#### [Data extract]
####

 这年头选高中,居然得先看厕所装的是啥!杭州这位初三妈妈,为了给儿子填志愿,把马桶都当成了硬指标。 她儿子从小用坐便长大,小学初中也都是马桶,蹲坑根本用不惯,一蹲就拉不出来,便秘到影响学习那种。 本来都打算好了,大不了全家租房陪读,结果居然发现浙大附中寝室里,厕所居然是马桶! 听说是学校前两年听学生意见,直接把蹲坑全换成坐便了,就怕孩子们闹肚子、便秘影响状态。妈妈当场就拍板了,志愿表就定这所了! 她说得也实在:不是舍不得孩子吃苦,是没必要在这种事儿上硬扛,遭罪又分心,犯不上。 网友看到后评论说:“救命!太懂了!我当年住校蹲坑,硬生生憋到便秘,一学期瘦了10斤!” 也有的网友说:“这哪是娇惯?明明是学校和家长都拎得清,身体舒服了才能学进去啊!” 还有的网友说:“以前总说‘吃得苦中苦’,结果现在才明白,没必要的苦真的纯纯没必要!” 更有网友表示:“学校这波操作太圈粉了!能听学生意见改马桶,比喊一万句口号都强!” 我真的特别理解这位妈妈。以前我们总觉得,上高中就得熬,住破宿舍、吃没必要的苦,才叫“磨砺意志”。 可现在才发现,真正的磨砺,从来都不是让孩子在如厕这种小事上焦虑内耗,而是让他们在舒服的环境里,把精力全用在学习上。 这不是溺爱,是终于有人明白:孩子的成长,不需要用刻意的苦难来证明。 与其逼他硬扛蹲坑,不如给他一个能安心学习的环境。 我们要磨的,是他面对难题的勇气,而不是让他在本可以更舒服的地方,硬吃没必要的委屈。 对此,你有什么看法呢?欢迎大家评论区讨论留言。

####

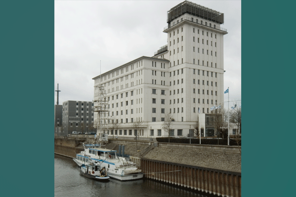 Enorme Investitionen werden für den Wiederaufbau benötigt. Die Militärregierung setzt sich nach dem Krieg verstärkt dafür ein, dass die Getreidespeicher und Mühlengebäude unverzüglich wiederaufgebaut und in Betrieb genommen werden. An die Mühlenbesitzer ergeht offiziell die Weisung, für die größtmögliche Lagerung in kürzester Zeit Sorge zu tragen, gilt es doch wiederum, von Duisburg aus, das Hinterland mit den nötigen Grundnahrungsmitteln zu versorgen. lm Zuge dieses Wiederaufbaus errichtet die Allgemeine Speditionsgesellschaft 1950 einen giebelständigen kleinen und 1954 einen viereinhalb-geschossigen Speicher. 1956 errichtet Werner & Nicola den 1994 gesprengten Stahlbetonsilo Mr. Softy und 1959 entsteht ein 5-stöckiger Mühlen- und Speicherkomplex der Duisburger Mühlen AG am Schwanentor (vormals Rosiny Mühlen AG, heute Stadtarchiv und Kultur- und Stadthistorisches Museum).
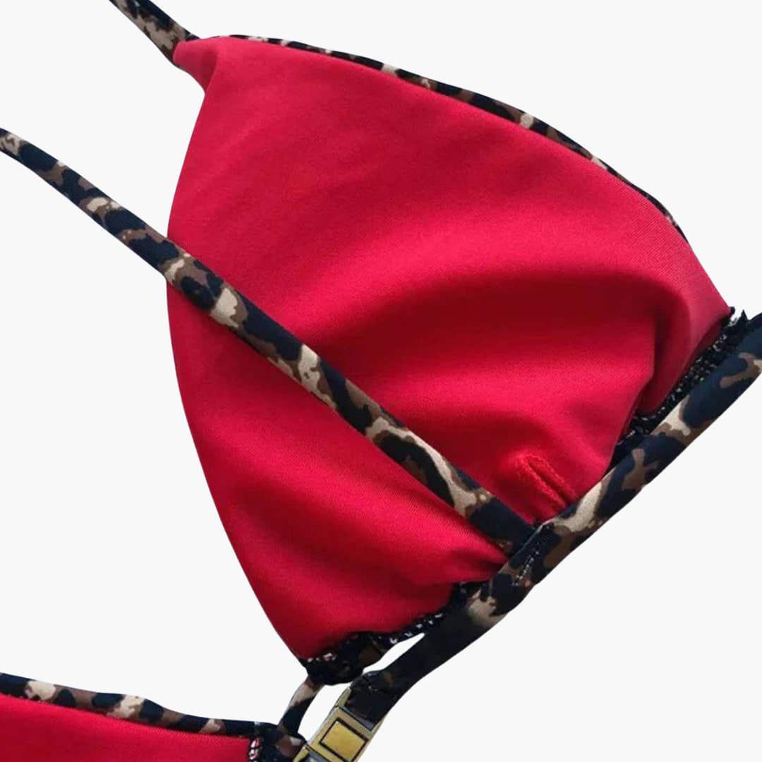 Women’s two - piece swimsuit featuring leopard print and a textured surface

####

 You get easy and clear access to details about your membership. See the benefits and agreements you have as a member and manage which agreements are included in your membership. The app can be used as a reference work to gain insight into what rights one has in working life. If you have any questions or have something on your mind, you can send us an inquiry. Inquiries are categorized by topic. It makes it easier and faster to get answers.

####

#### [Exercise]
Reproduce the listing above from the line that holds "Enorme Investitionen werden" through the line that holds "Women’s two - piece", both included, with the pictures left out.

#### [Response for this exercise]
 Enorme Investitionen werden für den Wiederaufbau benötigt. Die Militärregierung setzt sich nach dem Krieg verstärkt dafür ein, dass die Getreidespeicher und Mühlengebäude unverzüglich wiederaufgebaut und in Betrieb genommen werden. An die Mühlenbesitzer ergeht offiziell die Weisung, für die größtmögliche Lagerung in kürzester Zeit Sorge zu tragen, gilt es doch wiederum, von Duisburg aus, das Hinterland mit den nötigen Grundnahrungsmitteln zu versorgen. lm Zuge dieses Wiederaufbaus errichtet die Allgemeine Speditionsgesellschaft 1950 einen giebelständigen kleinen und 1954 einen viereinhalb-geschossigen Speicher. 1956 errichtet Werner & Nicola den 1994 gesprengten Stahlbetonsilo Mr. Softy und 1959 entsteht ein 5-stöckiger Mühlen- und Speicherkomplex der Duisburger Mühlen AG am Schwanentor (vormals Rosiny Mühlen AG, heute Stadtarchiv und Kultur- und Stadthistorisches Museum).
 Women’s two - piece swimsuit featuring leopard print and a textured surface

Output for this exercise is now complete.